El auge exportador de China, los aranceles cruzados y la relocalización industrial sitúan al automóvil en el centro de la geoestrategia global, un debate clave que llegará al Congreso de Faconauto
La industria de la automoción no solo atraviesa una transformación tecnológica acelerada. También vive una transición geopolítica de gran calado, en la que el comercio internacional, la política industrial y las decisiones arancelarias están redefiniendo el equilibrio del sector. Así lo constata el informe What Next for the Global Car Industry? de la Agencia Internacional de la Energía (IEA), que describe un escenario marcado por tensiones crecientes entre China, la Unión Europea, Estados Unidos y los grandes mercados emergentes.

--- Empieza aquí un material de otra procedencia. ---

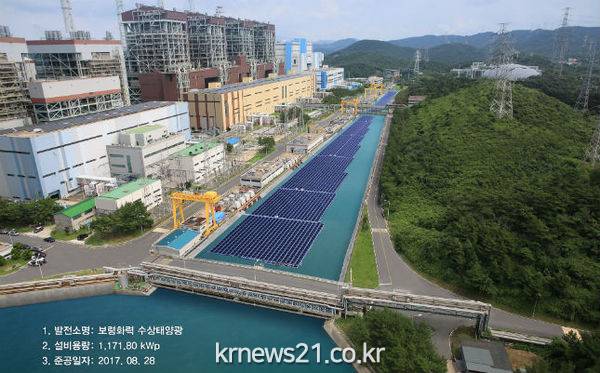 발전소 내 취수로 유휴수면을 활용한 보령발전본부 수상태양광 발전소의 설비용량은 1.17MW으로 350W 태양광 모듈 3,368장으로 구성되었으며, 설치면적은 16,200m2로 수면위에 안정적으로 떠 있는 부유식으로 설계, 현장에서 직접 조립, 제작하여 설치됐다.
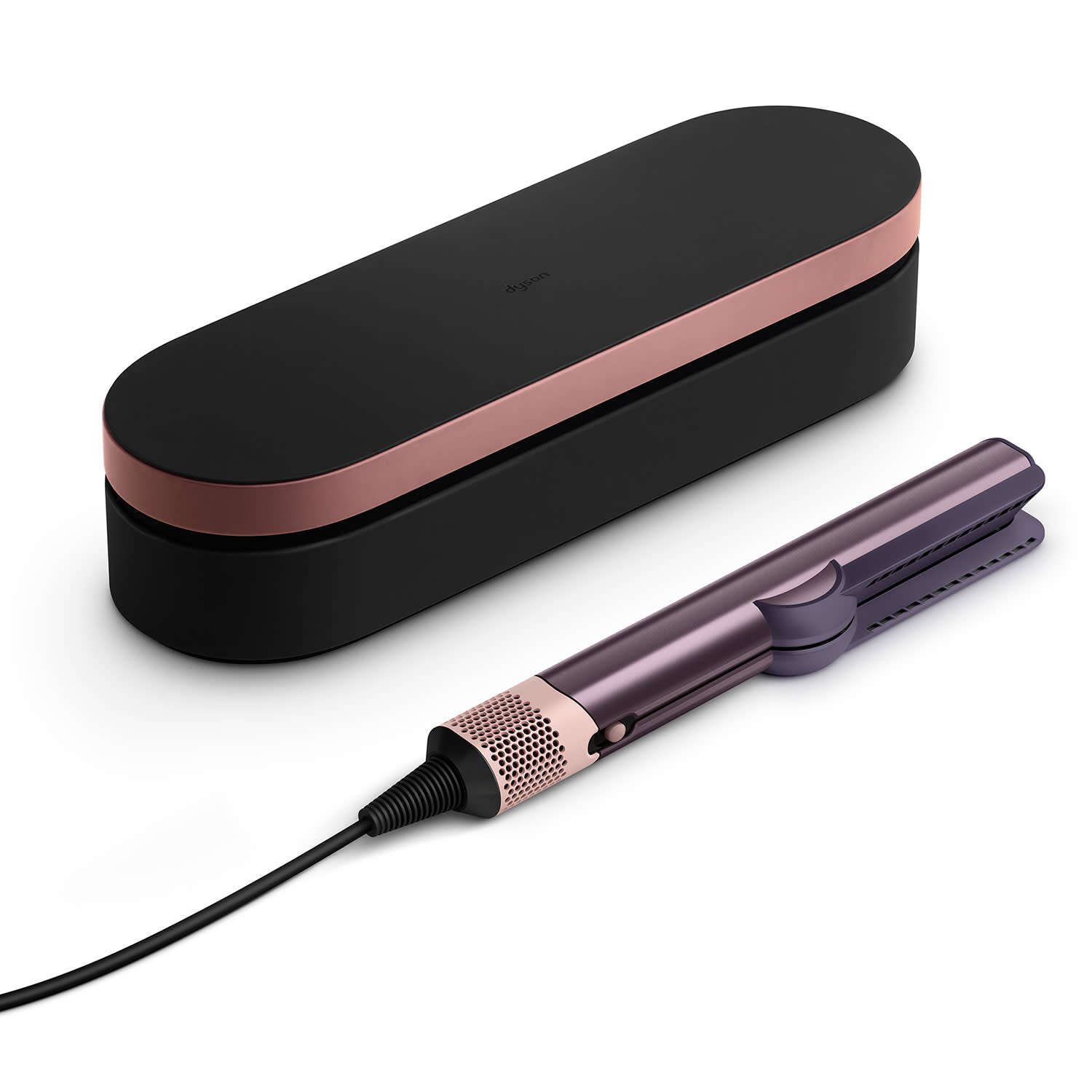 Στη συσκευασία θα βρεις το Dyson Airstrait™ (Jasper plum), Θήκη αποθήκευσης σχεδιασμένη από τη Dyson και μία αντιολισθητική επιφάνεια ανθεκτική στη θερμότητα, για ασφαλή τοποθέτηση κατά τη διάρκεια ή μετά τη χρήση.

Este nuevo contexto será uno de los ejes de análisis en el Congreso de Faconauto, que acogerá la mesa redonda “La carrera geopolítica del automóvil: poder, industria y mercado”, con la participación de Janka Oertel, directora del Programa Asia del European Council on Foreign Relations; Gonzalo Escribano, director del Programa de Energía y Clima del Real Instituto Elcano; Stefan Bratzel, director del Center of Automotive Management; y Juan Moscoso del Prado Hernández, Senior Fellow de EsadeGeo. Una conversación destinada a analizar cómo la geopolítica está condicionando las cadenas de suministro, las estrategias industriales y el acceso a los mercados.

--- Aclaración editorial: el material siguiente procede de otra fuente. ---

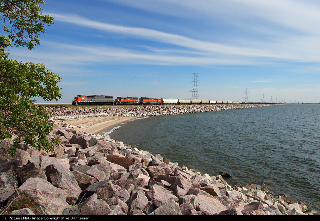 On the afternoon of August 31, 2018, Dakota, Missouri Valley & Western’s “wayfreight” passes milepost 490 between Coleharbor and Garrison, North Dakota, crossing the long causeway separating Lake Sakakawea from Lake Audubon on this section of the Missouri River backed up by the Garrison Dam.
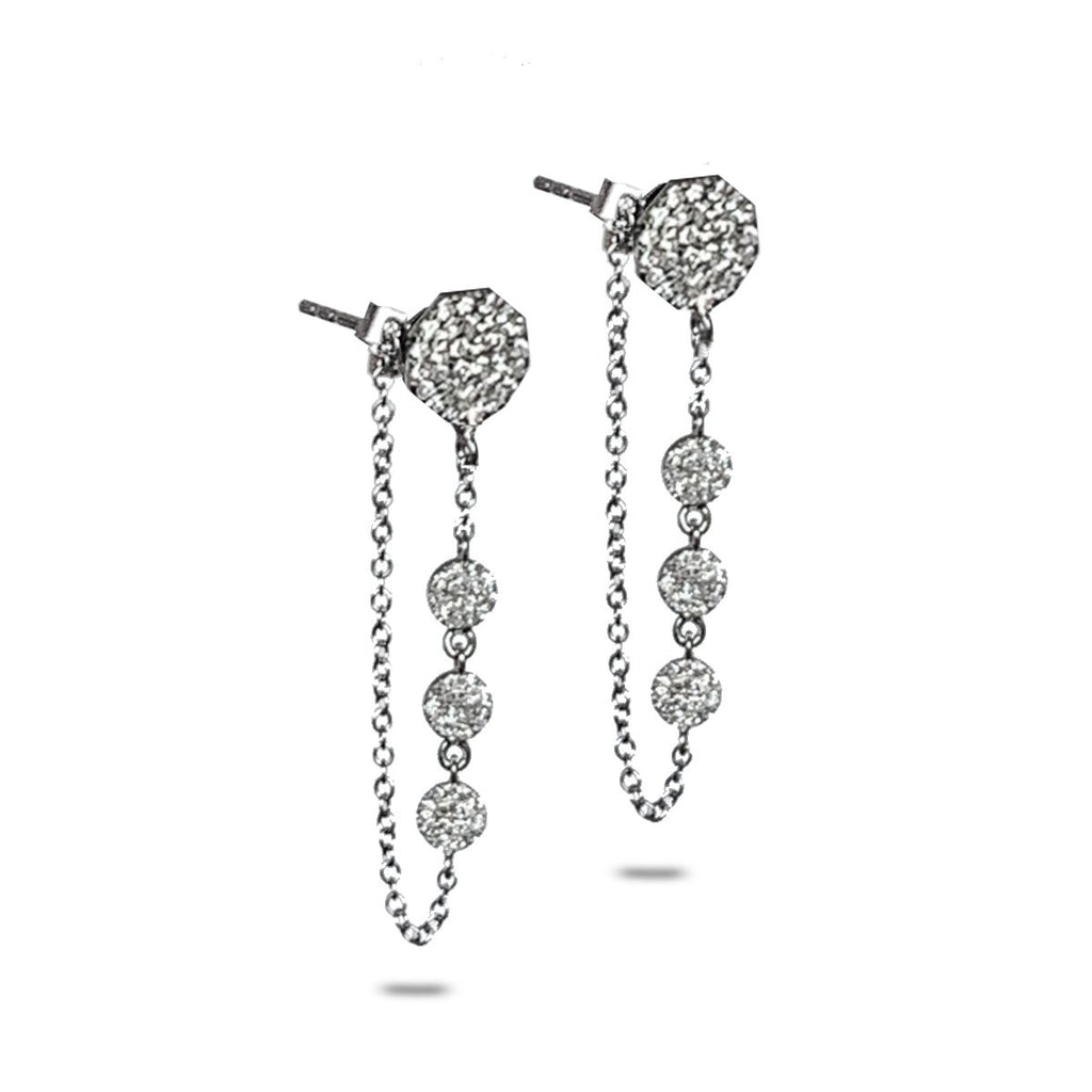 14K Gold Round Pave Diamond Discs Dangle Chain Earrings ME26807
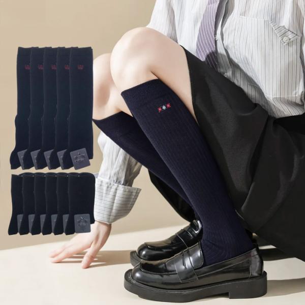 ソックス ハイソックス クルーソックス スクールソックス ネイビー 紺 5足組 6足組 セット 福袋 学校 通学 学生 女子高生 中学生 高校生
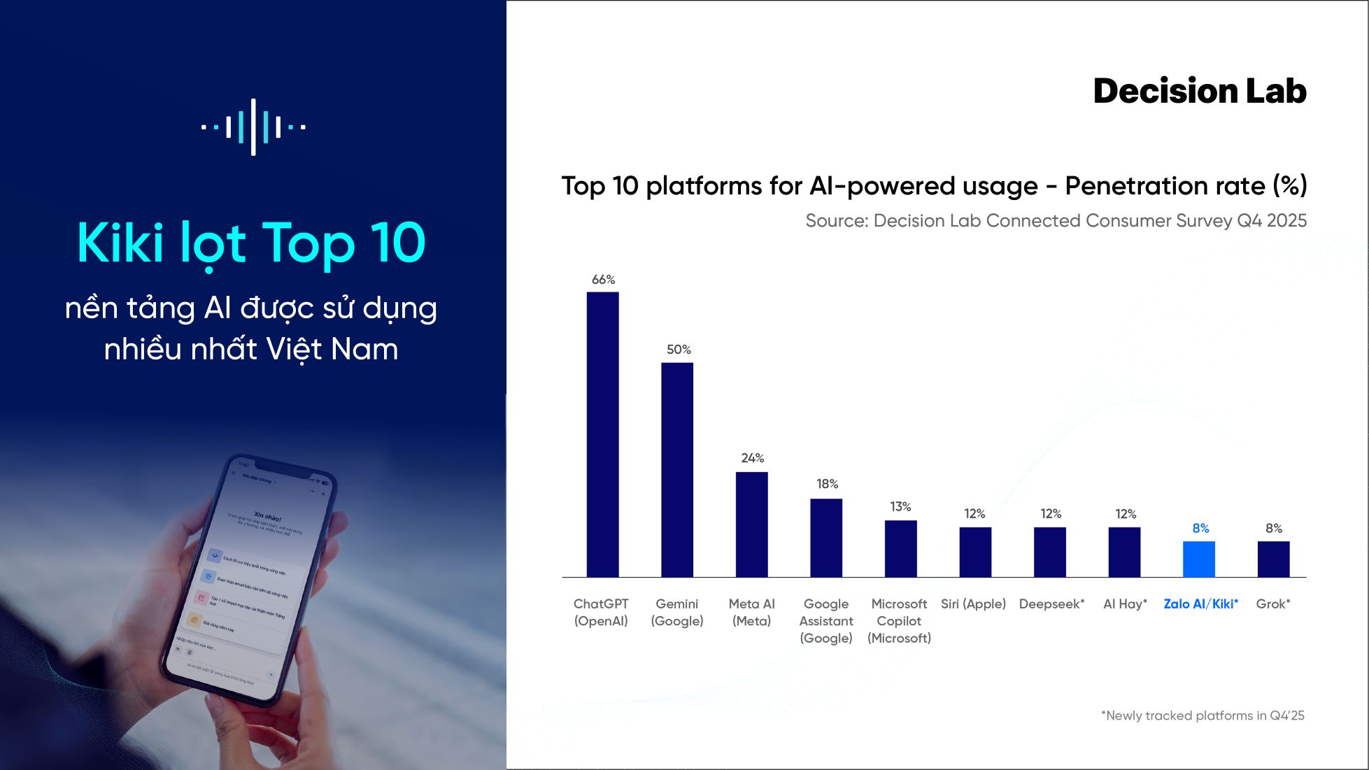 Theo báo cáo The Connected Consumer – Quý 4/2025 do Decision Lab công bố, Kiki Info là một trong những nền tảng AI được sử dụng phổ biến nhất tại Việt Nam, tiếp tục đưa thương hiệu Việt tỏa sáng hơn so với các công cụ hiện có.
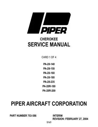 The cover on the 1961-1971 Piper PA-28 Cherokee Series aircraft service manual PDF does more than name the airplane family. It spells out a multi-model Cherokee service manual, shows “Card 1 of 4,” and carries part number 753-586 with an interim revision dated February 27, 2004. For shoppers moving through the broader aircraft manual inventory, those details are the difference between a broad family reference and a narrowly targeted single-model file.
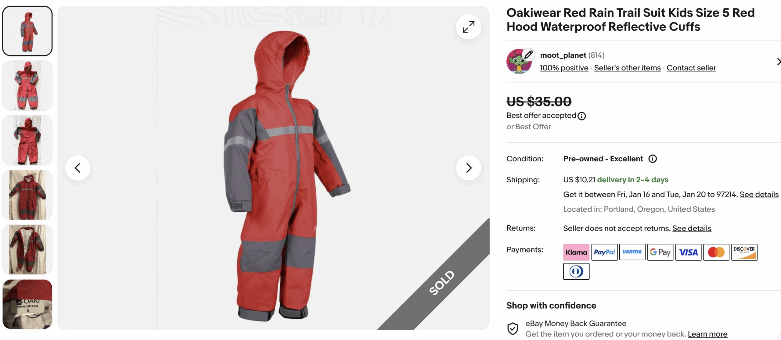 - The Oakiwear kids' rainsuit, which I also picked up at the bins, as it was lightweight and sells new for $90. (The sweet spot when you pay by the pound!) I took an offer at $28 and I earned $27.85 after eBay fees. I accidentally earned a few extra bucks on shipping, which I don't fret about as it balances out when I accidentally undercharge on shipping.
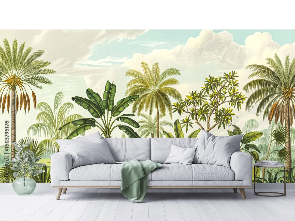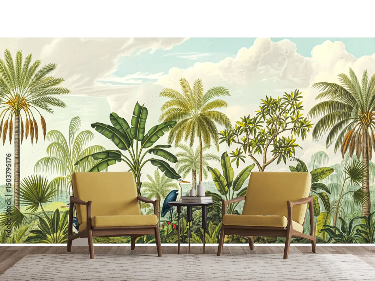 El fotomural Tropical Oasis es la tendencia más buscada en decoración de sala y mural de pared para quienes desean transformar espacios comunes en auténticos oasis de naturaleza y frescura. Este mural de temática tropical recrea palmas, plantas exóticas y aves entre vegetación, ideal para dar vida y un aire relajante a cualquier ambiente de tu hogar u oficina. Ya sea en vinil arquitectónico o papel tapiz decorativo, este mural se adapta a tu estilo y te permite crear una experiencia visual única que inspira y sorprende desde el primer momento.
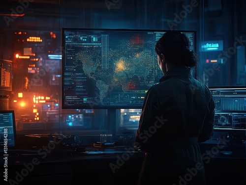 Futuristic laboratory filled with scientists analyzing data and conducting groundbreaking research at night. Generative AI

China consolida su liderazgo exportador
El informe de la IEA documenta un fenómeno sin precedentes: China se consolidó en 2024 como el mayor exportador mundial de automóviles, con más de cinco millones de vehículos enviados al exterior y un crecimiento anual superior al 50% desde 2020. Uno de cada cuatro coches eléctricos exportados a nivel global procede ya del país asiático, que ha convertido la electrificación en una palanca estratégica de influencia económica.

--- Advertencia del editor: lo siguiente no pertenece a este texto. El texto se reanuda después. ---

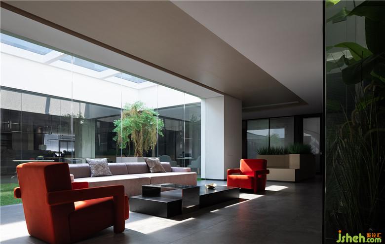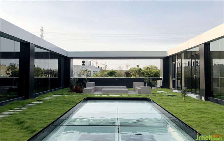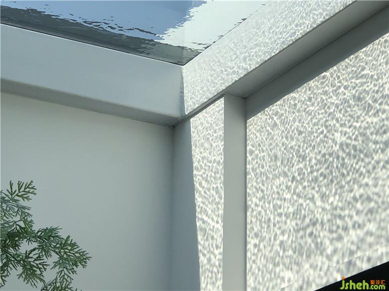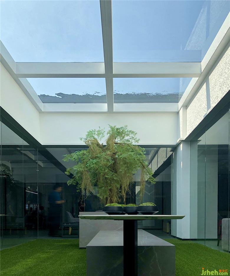 辦公區(qū)遵循人性化的空間表現(xiàn)形式,從心理角度出發(fā)建立員工對(duì)空間乃至企業(yè)的認(rèn)同感。以玻璃圍合的中央庭院成為設(shè)計(jì)亮點(diǎn),二次改造的天窗同時(shí)又是一座淺水池,陽(yáng)光透過(guò)水面射入庭院,人與自然便在光影蕩漾之間實(shí)現(xiàn)了巧妙的融合。
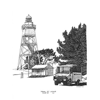 FAREWELL SPIT LIGHTHOUSE, GOLDEN BAY Pen & Ink Laser Print 297mm x 210mm |
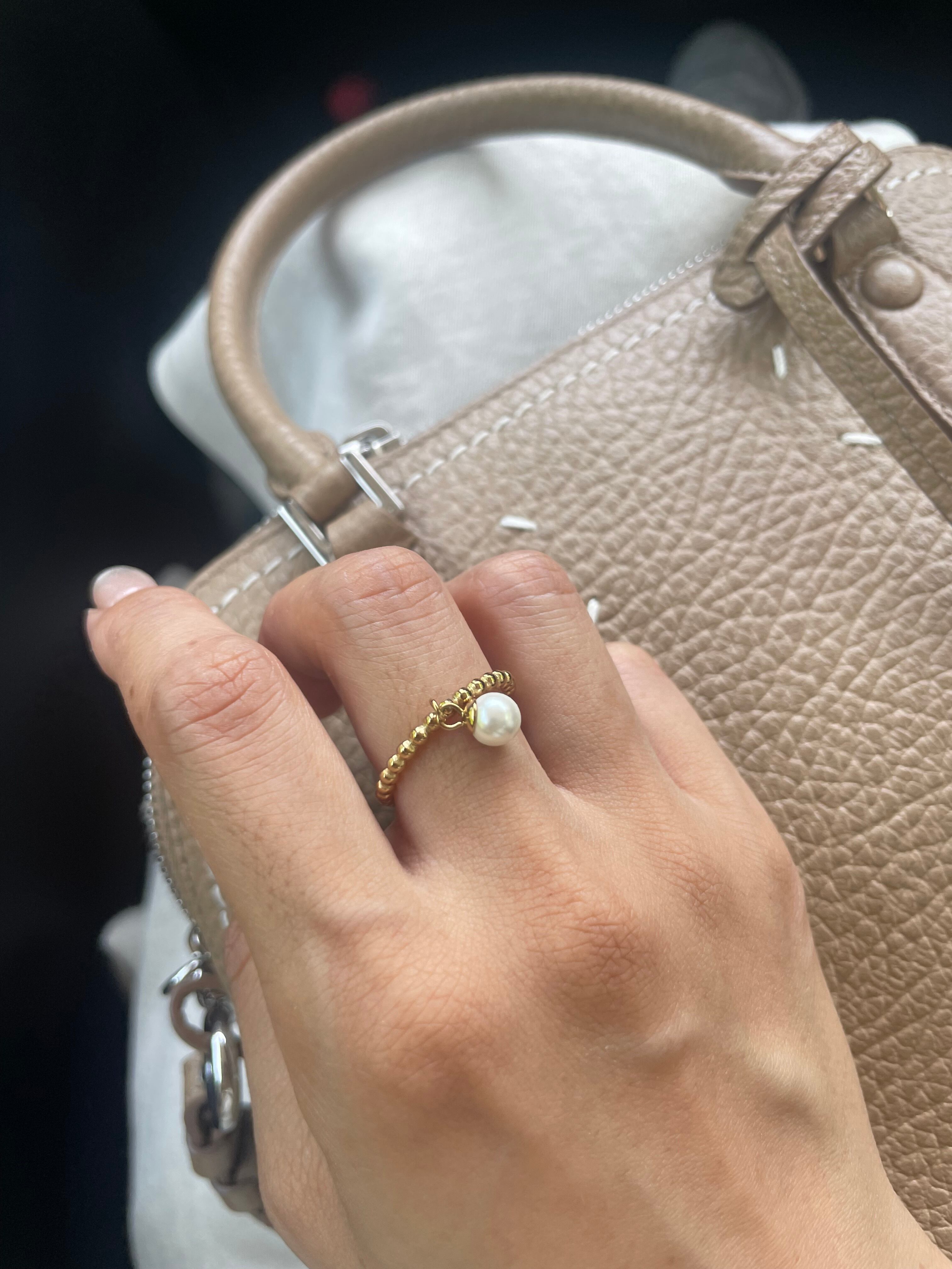 指の動きに合わせてゆらゆら揺れる一粒パールが、上品なアクセントを添えてくれます。

Europa absorbe cerca del 25% de estas exportaciones, aunque el principal destino es Rusia, que importó casi un millón de vehículos chinos en 2024 tras el repliegue de las marcas occidentales.
Aranceles en cascada y reacción de los mercados occidentales
La expansión china ha provocado una respuesta en cadena. La Unión Europea ha aprobado aranceles adicionales de entre el 17% y el 38% a los vehículos eléctricos procedentes de China, diferenciados por fabricante. Estados Unidos ha elevado sus tarifas hasta el 100%, mientras que Canadá ha seguido una senda similar. Brasil ha reintroducido aranceles que llevaba suspendidos desde 2015 y México ha endurecido sus reglas de importación, en parte para evitar triangulaciones hacia el mercado estadounidense.
Según la IEA, estas medidas responden tanto al volumen exportador chino como a una ventaja estructural de costes: producir un vehículo en China puede ser entre un 30% y un 35% más barato que en Europa o Estados Unidos, lo que dificulta competir en los segmentos de precio medio y bajo.
El informe advierte de que los aranceles no frenarán la expansión china, sino que modificarán su estrategia. Los fabricantes del país asiático están acelerando la implantación de fábricas fuera de sus fronteras, con proyectos en Brasil, México, Turquía, Indonesia, Malasia y Tailandia, además de plantas ya operativas en Uzbekistán y Egipto. Grupos como BYD, Great Wall o SAIC lideran esta ofensiva industrial, orientada a esquivar barreras comerciales y asegurar presencia directa en mercados clave.
Europa, el mayor importador mundial de vehículos
La IEA subraya que Europa se ha convertido en la región que más vehículos importa del mundo, incluso por delante de Estados Unidos. En 2024, más del 40% de los coches vendidos en la Unión Europea procedían del exterior, un máximo histórico que refleja tanto el empuje de las importaciones chinas como la pérdida de capacidad industrial en el continente.
Paralelamente, China ha diversificado sus destinos para reducir su dependencia del mercado europeo. Latinoamérica, Oriente Medio y el Sudeste Asiático concentraron cerca del 30% de sus exportaciones en 2024, el doble que apenas dos años antes.